I am making the dry mead receipt from this web site.I used champain yeast and neutrians.It was started 1 week ago and it seems to have stalled.It has only droped from 1.08 to 1.07. 
Can I add more yeast or just add more neutrians?




*Edited by: Archie *


----------



## masta (Apr 5, 2008)

My guess is that the pH is too low for the yeast to continue. Do you have equipment to test TA and pH? Did you add any yeast nutrient or just energizer? 






FYI:
These mead recipes need to be modified since this isn't the first time it has caused a problem and I will do that asap and send to George for updating.






Done!*Edited by: masta *


----------



## Archie (Apr 5, 2008)

Masta Thanks for your sugestions,What I added was Yeast netriens not energizer like the receipe called for.I thought they are the same.I don't have any thing to check the PH execpt hot tub test stripes.I think they would work tho.What should the ph run and what do add to increase it?Also what about doing the yeast again?


----------



## masta (Apr 5, 2008)

Archie,


The pH needs to be in the 3.0-3.5 range and anything lower than 3.0 will be a problem. Try the test strips and see what it shows. 

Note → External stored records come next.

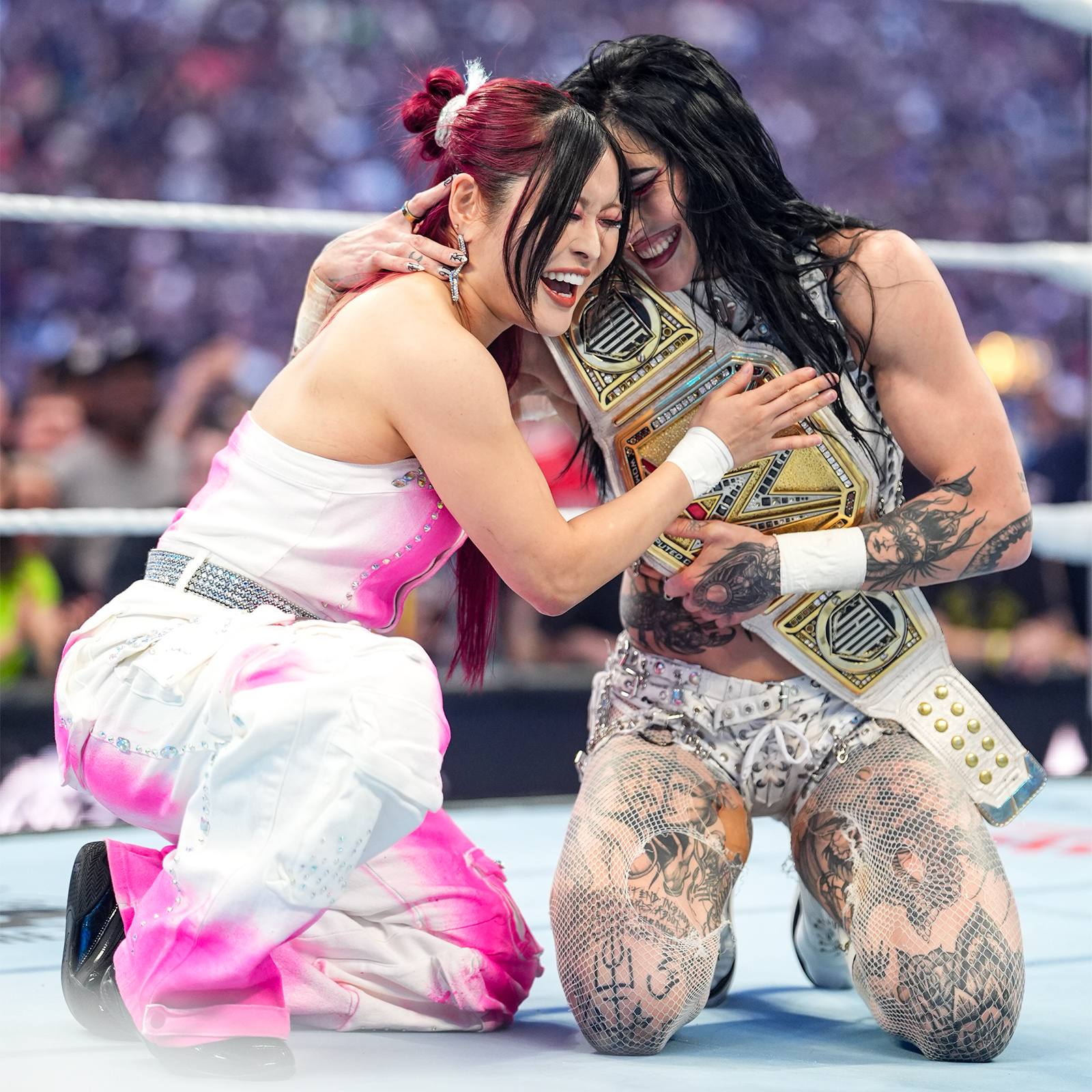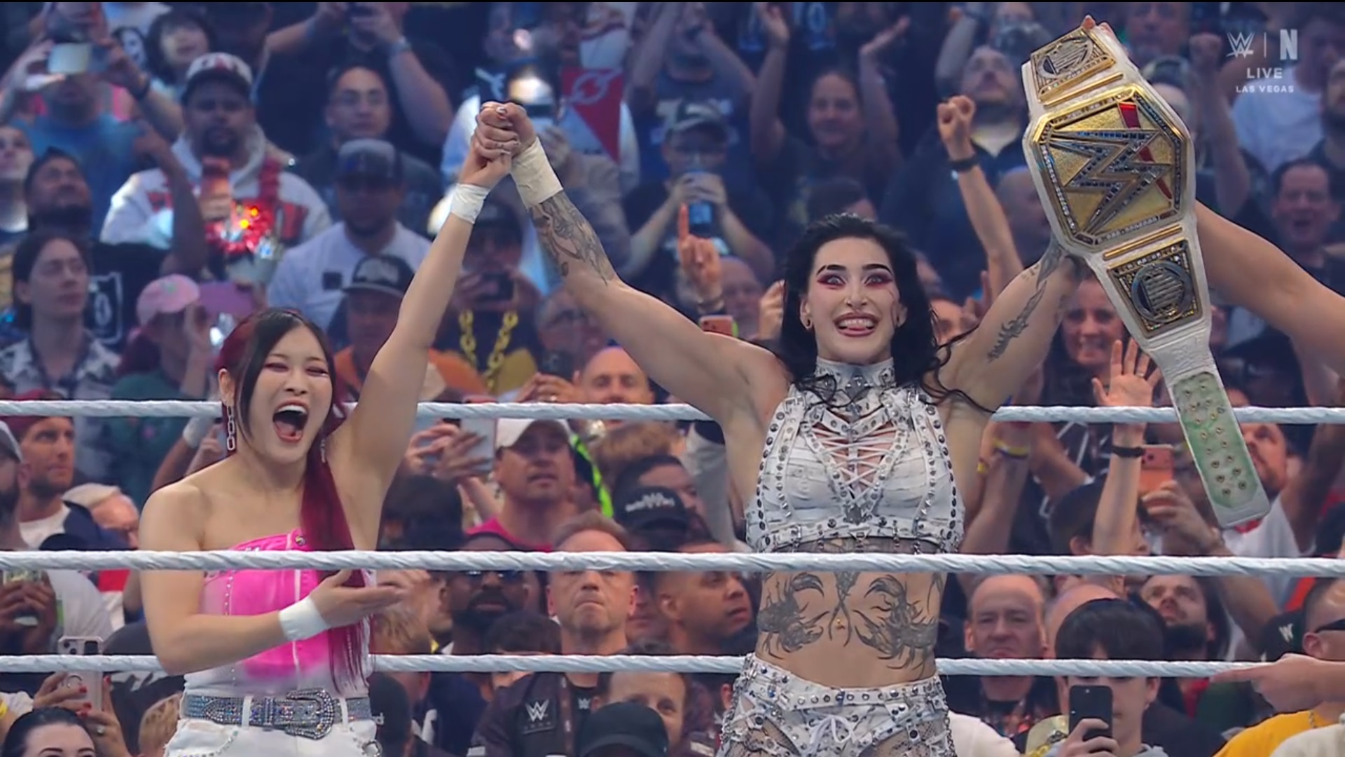 >Mami is back on top at the biggest show of WWE!!!!!!!>Rhea’s success makes me so happy.>Cause we are besties, and we are #RHIYO>The new WWE women’s champion @RheaRipley_WWEhttps://x.com/Iyo_SkyWWE/status/2046054126568808640
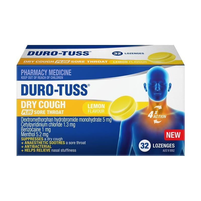 DURO-TUSS Dry Cough PLUS Sore Throat Lemon Lozenges have a 4X ACTION. SUPPRESSES a dry cough. Plus ANAESTHETIC SOOTHES a sore throat. Plus ANTIBACTERIAL. Plus HELPS RELIEVE nasal stuffiness. Suitable for 6 years+. GET DURO-TOUGH ON YOUR COUGH WITH DURO-TUSSSuitable For: Adults and Children 6 years+
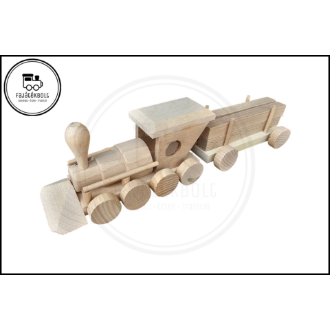 Fa vonat - rönkszállító A mozdony mögötti kocsin 4db rönk / gerenda van Anyaga: Fa Mérete: Hosszúság: 39 cm Magasság: 11 cm Szélesség: 9,5 cm Tisztítása: száraz törlőkendővel Ajánlott korosztály: 3 éves kortól
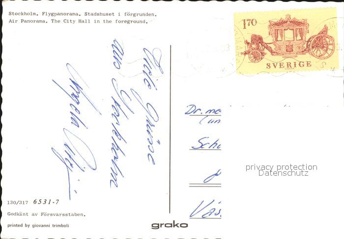 old postcard Stockholm Flugpanorama City Hall postalisch gelaufen Erhaltung siehe scans

If this (low pH) is the problem then you have two options:


1. Increase the batch size with more honey and water and this will reduce the acid and raise the pH.
2. Add calcium carbonate to do the same. 


What did you add for acid....what the recipe called for or acid blend?


----------



## Archie (Apr 5, 2008)

Masta I added 4tsp of malic acid and 1/2 cup of orange rines dried.I didn't have any tartaric acid.I will have to wait till I get home to test the ph.I did test the acid and it looked like 6% before I added the orange rines.I am at work
now so I will get back to you tomrrow.Thanks again ,also is there something that has calcium carbonate ,like baking soda or powder.*Edited by: Archie *


----------



## masta (Apr 5, 2008)

Tums are calcium carbonate but you need to be careful not to use too much and try to adjust the pH a large amount. The other issue is that calcium carbonate primarily works on tartaric acid.


I would suggest increasing the batch size if possible it is determined that pH is the problem.


----------



## Archie (Apr 7, 2008)

Masta I checked the ph when I got home,come to find out my wife had a digital tester that goes from 0 to 20.Anyway the ph was 3.7 just about perfect,so I did some reading and found that tha receipt called for 1/2 tsp of energizer but the jar of netrient called for 1 tsp to the gal.So I added more and it got started again. My sg is now at 1.03 so it going the right way.
Thanks again Masta you got me thinking


----------



## Wade E (Apr 7, 2008)

You typically should add 1 tsp of Nutrient and 1/2 tsp of energizer.
*Edited by: wade *


----------



## Dean (Apr 7, 2008)

Archie, I find that all meads that I have done have been slow fermentors anyways. As long as the SG is dropping you are doing good.

What usually takes 2 weeks with grapes or kits, takes 4 to 5 weeks with mead.


----------



## summersolstice (Apr 8, 2008)

Archie, leave out any acid additions in your primary next time. Honey is acidic and difficult enough to ferment without more acid. The old recipes calling for acid additions have largely been proven counter productive and successful modern recipes don't call for acid additions up front. Also, you'd be surprised at what a handful of raisins will do for your fermentation. Good luck and happy meadmaking!


----------